One of the latter is “Purple Reign: The Prince Tribute Show” which has been performing around Vegas long before its subject died in 2016. Its star Jason Tenner has been putting on the purple costume for 25 years and generally stays in the realm Prince created in his 1984 film — down to giving a big chunk of the hour long show to Morris Day and the Time. Nothing wrong with that. Prince wrote and produced most of that music as well, their appearance and cavorting allows Tenner to go off and do costume changes.

Adding shimmying dancing girls is probably a law for every show on the Vegas strip so a couple of them gyrate here. Add a singer and they become Vanity 6 (paying tribute to yet another singer gone before her time; Vanity died in 2016 at 57).
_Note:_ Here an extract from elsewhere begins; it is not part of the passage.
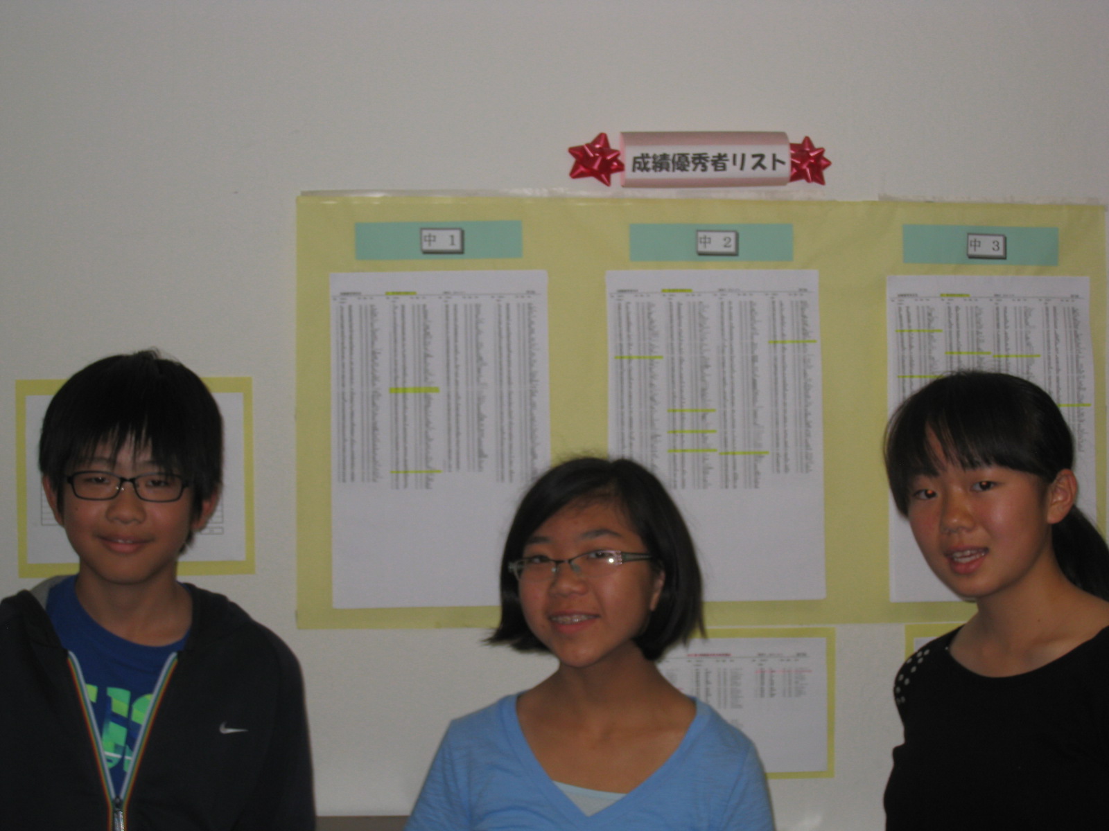 そして、村上君(左)、角田さん(右)そして、第一回模試の英語部門で中1初の優秀者に選出された

Tenner himself strikes quite a figure on the busily-lit stage, standing in the fog for the dramatic “dearly beloved” intro to “Let’s Go Crazy.” And while he and the band don’t actually go crazy, they crank the volume for a show that is so crunching, it generally skips the ballads and softer nuances of Prince’s career.

(That part, presumably, is covered in the competing Prince show in Vegas, “Purple Piano: A Celebration of Prince,” performed by Marshall Charloff at the Alexis Park All Suite Resort). 

Tenner wields a guitar on the opener, but generally leaves all that to his guitarist and musical director as he concentrates on vocals and dance spins (and when one of those spins ends in the splits, I imagine you have to concentrate).

Prince himself had a six month Vegas residency at the Rio from 2006 to 2007 that I regret not seeing, but I imagine it wasn’t like this at all. By then, he presented a lot of new songs, putting his hits, if he played them at all, into quickly-shifting medleys. But the shows were open to surprise, special guests and long jamming.

No such thing in the current Vegas, where timing is precise, hits from “When Doves Cry” to “1999” are required and shows are usually over in an hour. It’s unquestionably great to hear the music once more, even if one doesn’t fall for the fallacy of an actual Prince on stage (Tenner, his hair up in a headband, doesn’t really look that much like him; he’s bigger in stature than the diminutive Minnesotan). 

But the music is enough for the crowd to seem satisfied when the Tropicana show is over.

Elvis Presley’s first foray into Vegas was a famous flop in 1956; a Rat Pack-attuned audience didn’t cotton to this kid’s wild take on music. That all changed 15 years later when he revitalized his career — and in many ways the city — with his flashy comeback — a two-shows-a night, seven-days-a-week grind that went on for more than 600 performances through 1976.

That flash — and that jumpsuit, topped by a red lei from his Hawaii broadcast — is the emphasis in “All Shook Up: A Tribute to the King,” playing in a small showroom in the former of the Miracle Mile Shops — an actual mall at Planet Hollywood. 

Travis Allen is the star, and his well-honed Presley style comes from decades of Vegas performances. He appears to have come to the role more from the dance moves and the hip action than the voice, though to be fair, it’s tough to replicate the exact tone and timbre of the King. The wiggle and the hair combine to be convincing enough.

With the tidy trio behind him (augmented at times by tracks of unseen strings, horns or singers) he begins by fairly swinging through the 50s hits, relying on the same jokes Elvis used in town, subbing the throwaway line “You have made my life a wreck” in place of “You have made my life complete” in “Love Me Tender” and chuckling about it like it was the first time instead of the millionth.

Likewise his interaction with the audience was likely similar each night, picking out a woman in the audience and asking if she were Priscilla, and then calling her by his wife’s name the rest of the show.

There is a buoyancy and lift to the show due entirely to the material — it’s great to hear live Elvis music without a faulty imitation getting in the way. 

During a break in the middle of the show the announcer returns with his own act, fronting the band to impersonate a variety of Las Vegas legends — incredibly dated ones that’d get laughs a half century ago, aping Wayne Newton to Tom Jones and Neil Diamond. But the exuberant personality of the host only made the star seem a bit more bland when he returned — in full Vegas jumpsuit regalia. 

Allen broke the illusion once when he said we were all there to celebrate the King, and followed with “An American Trilogy,” which would normally be expected on a Fourth of July weekend, but still sounded a little tone-deaf to current social concerns by starting with its lines from “Dixie.”

Allen had a blueprint of how to pace his show from Elvis’ long and successful Vegas concerts, adding a bit of “Polk Salad Annie” and the faster version of “Can’t Help Falling in Love” to wind up the show. It didn’t take much for him to return for an encore with a tune that was emblematic of the entire experience: “Viva Las Vegas.” 

Even by an impersonator in a town that itself impersonates, it works.